В иммиграции

«Не надо мудрости. Философии и штампов.
Все может быть легко и красиво».

С этой мыслью Иван Ерофеич расстегнул ширинку, намереваясь взяться за старое.
Но тут поясню читателю, даже не кто такой Иван Ерофеич, а кто такой Боря.

Лет двадцать пять назад, когда кошки по центральному телевидению выглядели не так ярко, родился Боря Шустин. Он жил последние вот уже семь с лишним лет с родителями в иммиграции.

Сегодня Боря готовился проститься с девственностью.

Мама, с которой он жил и портил этим отношения с женским полом, тщательно оберегала Борю от неожиданностей. Он, со своей стороны, жадно ждал, когда к маме из соседнего городка приедет тетя Зоя, и они отправятся за покупками.
Тогда он мог бодро сбежать из дома, движимый поиском своей половинки.
Удивительно, но Боря был прекрасен. Высокие скулы. Мужественный взгляд. Красивые, пугающие некогда советские органы госбезопасности, белоснежные зубы. И широкие, по-военному, плечи.

Боря был не похож ни на отца, щуплого Израиля Моисеевича, с которым он также жил в иммиграции, лавочника, работавшего когда-то в СССР инженером НИИ. Ни на дедушек со старых фотографий, выглядевших еще безнадежнее папы.

В кого пошел Боря, не понимала даже его мама, с каждым годом взросления сына становившаяся все более подозрительной к себе. Иногда она часами сидела на кресле, заставляя сына позировать ей на диване. Она смотрела на него задумчиво и загадочно, нежно закатывая глаза и тяжело вздыхая.
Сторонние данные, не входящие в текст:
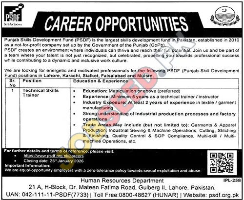Punjab Skills Development Fund (PSDF), Lahore invites applications from eligible candidates for the post of Technical Skills Trainer as per advertisement of 10 January, 2026. Master educational qualification will be preferred.

Борин папа и вовсе хворал, глядя на неудачного отпрыска, отгоняя неприятные мысли о возможных ошибках молодости супруги.

Год шел за годом, семья страдала. Переживал и Боря. За обедом он старался сутулиться, шмыгать носом и даже картавить. Хотя ни одного из этих породистых недугов у родителя не наблюдалось. Это выглядело смешно со стороны и подозрительно для папы. Израиль Моисеевич молча переводил взгляд с сына на жену. А с нее  на фотографии предков на стенах. Мысленно произнося в голове их имена и отчества, Израиль Моисеевич формировал внутри себя обиду, точившую его изо дня в день.
Без аппетита обедав, он каждый раз поднимался из-за стола и произносил одну и ту же фразу: «Спасибо за наш семейный обед».
Он произносил ее с таким очевидным вторым смыслом, что мама тут же вскакивала из-за стола, и начинала судорожно собирать посуду в мойку.
Боря же, тихо вставал, откашливался, и уходил к себе.

Так шли годы.
Пока Боря не встретил Антонину.
Девушку молодую, яркую, с полным набором хромосомных доказательств совместимости с Борей.
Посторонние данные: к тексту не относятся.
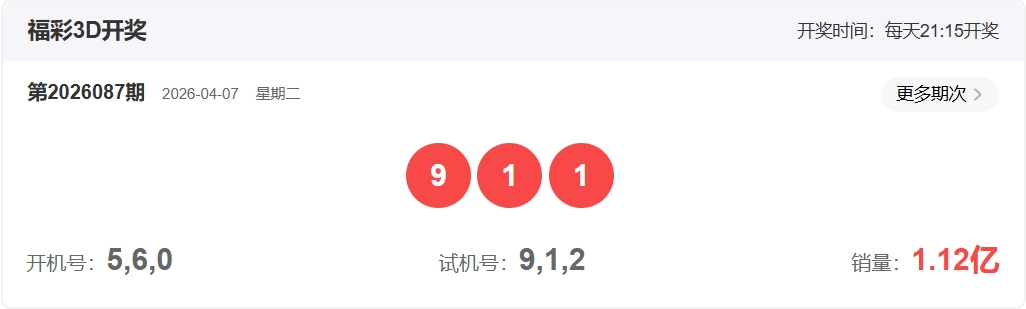 福彩3D第2026087期开奖911
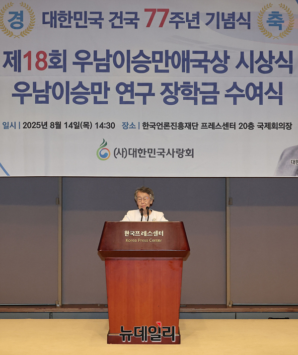 이인호 서울대 명예교수가 14일 오후 서울 중구 한국프레스센터에서 열린 우남이승만장학금 수여식에서 인사말을 하고 있다.이날 행사는 건국 77주년 기념식을 시작으로 제18회 우남이승만애국상시상식과 장학금 수여식이 함께 진행됐다.제18회 우남이승만애국상시상식 대상에는 △양동안 한국학중앙연구원 명예교수, 청년상에는 △김상종 자유시민교육 대표 △이명준 전국학생수호연합 대표가 수상했다.이어진 우남이승만장학금수여식에는 이서연 연세대 대학원생이 수여했다.
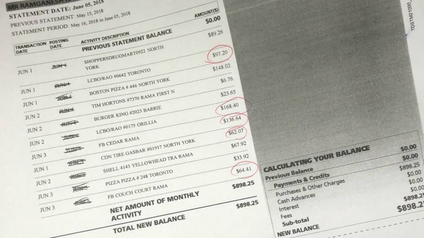 The statement also showed a purchase to Credit Risk Management Canada in Stratford, Ont. for $3,053.88 in October. According to their website, the company provides debt recovery solution and credit investigations, along with other services like financial care contact management.

Антонина была при этом детдомовской. Никто не знал ее родителей, имя же ей дала нянечка, случайно, будто что-то вспомнив, или разглядев ребенка.
Боря и Антонина встречались уже год. Они деликатно познакомились с родителями Бори, чем вызвали у мамы притворный сердечный приступ, а у Израиля Моисеевича трехдневную необъяснимую изжогу.

Борин папа на обряде знакомства произнес лишь одно: «Счастье, что в мире встречаются-таки красивые женщины!».

Мама Бори после ухода Антонины сказала, что этот вариант ей не нравится.
«Будешь вечно сидеть и бояться, что уведут!».

Довод Боре не понравился, но он оставил его за пределами сознания.
Он полюбил Антонину.

И вот сегодня, когда папа был на работе, а мама с тетей Зоей ушли, Боря позвонил Тоне. И она обещала прийти.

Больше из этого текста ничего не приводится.